Read as: across 9 files, three hole positions exist. The ecosystem is github-actions in 8 instances and cargo in one. The cooldown is absent from 6 files and, when present, always takes the same value.

Hole kinds

Holes are classified by how they vary:

  • Scalar — a leaf differs (the common case).
  • OptionalKey — a key is present in some files but not others. The hole's presence count (e.g. 3/9) tells you the ratio. When present, Nave descends into the subtree rather than treating it as opaque.
  • Shape — two trees disagree structurally at some position (different types, or different array lengths). This is rare for machine-authored configs and usually indicates genuine drift worth investigating.

Source hints

Some holes aren't really variables — they're functionally determined by the repo they live in. project.name in pyproject.toml is the clearest case: every file has a distinct value, but the value is the repo name (with the conventional kebab-casesnake_case allowance, and PEP 503 normalisation).

After anti-unifying, Nave checks each hole's observed values against per-repo names. If every observed value matches, the hole is flagged DerivedFromRepoName in the build report:

project.name  [string]  40/40  [derived: repo name]

This catches project.name directly, and separately flags things like tool.coverage.run.source[0] and tool.isort.known_first_party[0] — these look like free parameters, but their values are always the Python module path, which equals the normalised package name.

The other hint is ConstantWhenPresent — for optional keys whose value, when present, is always the same (like the cooldown block above). This is a signal that the key could be made mandatory or removed entirely without functional impact.

Cohorts

A cohort is the subset of files sharing the same value at a given hole. "6× weekly / 3× monthly" are two cohorts of the updates[0].schedule.interval hole.

Cohorts are how you decide which configs to bulk-edit. "Move the 3 monthly repos to weekly" is a single codemod targeting a single cohort; you pass the same query to nave pen create that you'd pass to nave build --match to isolate it.

Profiles

A profile is a formal concept from formal concept analysis (FCA): a maximal pair of (repos, hole-value bindings) where every repo in the set shares every binding, and every binding is shared by every repo.
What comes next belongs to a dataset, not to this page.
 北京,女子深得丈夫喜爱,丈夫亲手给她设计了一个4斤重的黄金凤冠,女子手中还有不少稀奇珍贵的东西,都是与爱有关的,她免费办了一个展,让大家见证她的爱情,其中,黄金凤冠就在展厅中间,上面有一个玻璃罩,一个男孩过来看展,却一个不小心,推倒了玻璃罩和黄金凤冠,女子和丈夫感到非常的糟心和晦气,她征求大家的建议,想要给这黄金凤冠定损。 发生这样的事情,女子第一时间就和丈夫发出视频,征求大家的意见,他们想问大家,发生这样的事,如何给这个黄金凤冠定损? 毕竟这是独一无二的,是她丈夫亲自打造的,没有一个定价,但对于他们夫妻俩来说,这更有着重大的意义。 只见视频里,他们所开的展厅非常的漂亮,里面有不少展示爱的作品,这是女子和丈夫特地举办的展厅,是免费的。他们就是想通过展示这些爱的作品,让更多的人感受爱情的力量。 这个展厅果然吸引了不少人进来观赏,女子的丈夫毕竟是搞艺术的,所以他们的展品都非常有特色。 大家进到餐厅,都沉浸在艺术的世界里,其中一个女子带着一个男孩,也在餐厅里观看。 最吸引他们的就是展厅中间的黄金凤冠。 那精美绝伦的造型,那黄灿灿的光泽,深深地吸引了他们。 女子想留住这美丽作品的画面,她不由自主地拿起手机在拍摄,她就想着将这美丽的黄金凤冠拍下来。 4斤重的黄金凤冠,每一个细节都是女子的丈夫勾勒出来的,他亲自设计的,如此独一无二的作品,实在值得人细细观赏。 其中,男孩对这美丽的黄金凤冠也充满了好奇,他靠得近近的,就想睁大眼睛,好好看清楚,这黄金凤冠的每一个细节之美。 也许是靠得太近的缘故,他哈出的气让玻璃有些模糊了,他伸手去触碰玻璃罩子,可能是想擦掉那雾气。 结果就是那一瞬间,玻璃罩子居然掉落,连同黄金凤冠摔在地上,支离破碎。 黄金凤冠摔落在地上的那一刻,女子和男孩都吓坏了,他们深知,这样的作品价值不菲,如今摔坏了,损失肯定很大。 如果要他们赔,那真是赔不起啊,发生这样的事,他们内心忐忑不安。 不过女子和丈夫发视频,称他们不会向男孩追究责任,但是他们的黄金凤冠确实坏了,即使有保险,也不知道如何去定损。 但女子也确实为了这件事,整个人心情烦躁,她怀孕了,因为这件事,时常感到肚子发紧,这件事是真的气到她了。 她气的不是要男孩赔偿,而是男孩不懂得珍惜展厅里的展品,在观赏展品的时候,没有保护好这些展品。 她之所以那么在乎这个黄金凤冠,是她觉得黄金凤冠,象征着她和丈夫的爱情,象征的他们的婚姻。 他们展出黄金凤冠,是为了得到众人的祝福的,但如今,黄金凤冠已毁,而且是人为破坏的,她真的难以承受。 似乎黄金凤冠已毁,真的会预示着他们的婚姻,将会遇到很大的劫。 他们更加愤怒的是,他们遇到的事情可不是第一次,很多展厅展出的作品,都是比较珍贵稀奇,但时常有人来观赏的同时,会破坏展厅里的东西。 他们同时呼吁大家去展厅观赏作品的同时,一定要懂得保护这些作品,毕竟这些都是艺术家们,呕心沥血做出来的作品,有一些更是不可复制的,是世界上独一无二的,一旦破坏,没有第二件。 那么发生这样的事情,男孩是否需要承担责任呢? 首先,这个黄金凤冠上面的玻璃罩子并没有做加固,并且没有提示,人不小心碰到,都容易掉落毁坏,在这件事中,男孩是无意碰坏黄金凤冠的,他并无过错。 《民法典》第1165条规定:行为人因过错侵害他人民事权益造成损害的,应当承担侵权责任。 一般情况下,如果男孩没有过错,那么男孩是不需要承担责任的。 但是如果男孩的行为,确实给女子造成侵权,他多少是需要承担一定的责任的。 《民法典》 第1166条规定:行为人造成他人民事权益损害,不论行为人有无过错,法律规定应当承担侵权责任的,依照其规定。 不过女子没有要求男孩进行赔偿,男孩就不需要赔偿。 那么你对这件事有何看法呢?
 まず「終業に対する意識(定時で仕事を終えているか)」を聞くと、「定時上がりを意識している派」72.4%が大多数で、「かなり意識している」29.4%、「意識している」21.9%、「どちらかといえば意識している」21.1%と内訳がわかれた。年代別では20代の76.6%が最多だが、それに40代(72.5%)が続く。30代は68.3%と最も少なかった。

Profiles are computed automatically by nave build from the hole observations. They answer the question "which configuration choices travel together across my fleet?"
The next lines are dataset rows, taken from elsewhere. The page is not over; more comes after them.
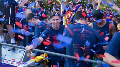 Celebración de los jugadores del FC Barcelona por las calles de Barcelona, después de conseguir el título de Liga 2015/16. —- FC Barcelona on Social Media Subscribe to our official…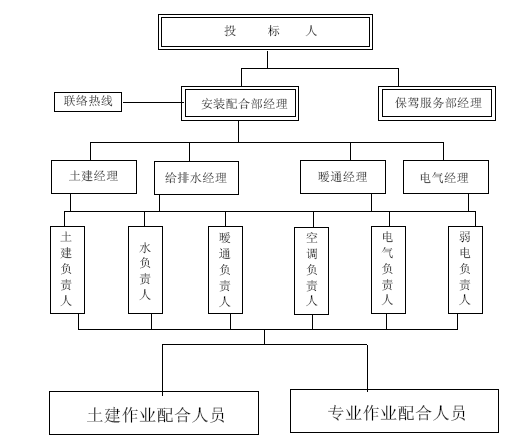 组织机构是避免或降低风险损失的最基本的条件,只有有了合理风险管理组织机构才能保证风险管理的顺利进行,正确进行风险分析,风险决策、合理地进行风险处理以实现风险管理的目标。风险组织机构的设置由风险状况和风险工作量决定,奥体中心体育场改扩建的风险管理分散在投标人的各个职能部门,不设专门的风险管理机构,以兼职的风险管理小组的形式出现,小组的组织机构采用直线职能制形式,组织机构图见图23-2-1。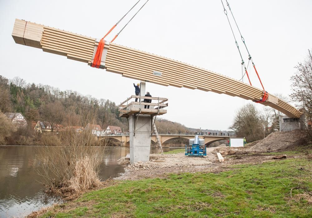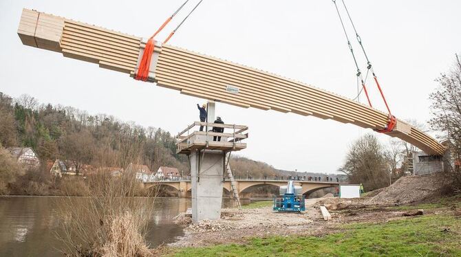 Mit Schwung und Stil über den Neckar: Schon bei der Anlieferung der ersten Holzelemente wurde deutlich: Die neue Fuß- und Radwegbrücke wird eine Elegante. FOTO: GAUSS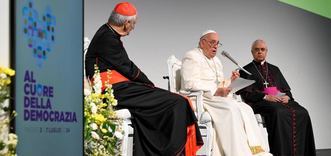 ثم ذكَّر الأب الأقدس بكلمات الطوباوي جوزيبي تونيولو الذي أسس الأسابيع الاجتماعية بسنة 1907 حين قال إن بالإمكان تعريف الديمقراطية بأنها ذلك النظام المدني الذي تتعاون فيه كل القوى الاجتماعية والقانونية والاقتصادية بكل متناسب من أجل الخير العام مساهِمة في نتيجة هي في المقام الأول لصالح الطبقات السفلى. وواصل البابا فرنسيس انه من الواضح في ضوء هذا التعريف أن الديمقراطية في عالم اليوم لا تتمتع بصحة جيدة، وهذا أمر يهمنا ويثير قلقنا، قال البابا، وذلك لأن على المحك هناك خير الإنسان، وما من شيء إنساني حق إلا وله صداه في قلوبنا كمسيحيين، أضاف الأب الأقدس مستشهدا بكلمات الوثيقة المجمعية الدستور الرعائي في الكنيسة في عالم اليوم “فرح ورجاء”.

For example, in a fleet of 9 dependabot configs with two holes (package-ecosystem and schedule interval), FCA discovers three profiles:

  • 5 repos use github-actions + weekly
  • 3 repos use github-actions + monthly
  • 1 repo uses cargo + weekly

These three profiles completely explain the variation in the fleet.

When the concept lattice has hierarchical structure (some profiles are refinements of others), the display shows deltas: only the bindings that are new relative to parent profiles. This makes the progressive specialisation of configuration visible — "Profile 2 refines Profile 1 by adding the specific version detection script."

Why it works on configs

Anti-unification gives clean results on dependabot/pyproject/workflows because those files are structurally rigid: they're machine-readable, share a spec, and humans rarely reshape them. On freeform prose it would be useless; on config it recovers exactly the template you'd write by hand.

Co-occurrence mode

Whole-file anti-unification can be too coarse. If you have 20 workflow files, each containing 5 steps, and you only care about the uses: pattern for a specific action, template-ing the whole file drowns the signal.

nave build --co-occur --where ... --where ... addresses this by anti-unifying subtrees where multiple --where terms co-occur, rather than whole files. The rule can be considered as "the deepest non-root object ancestor shared by all anchor matches".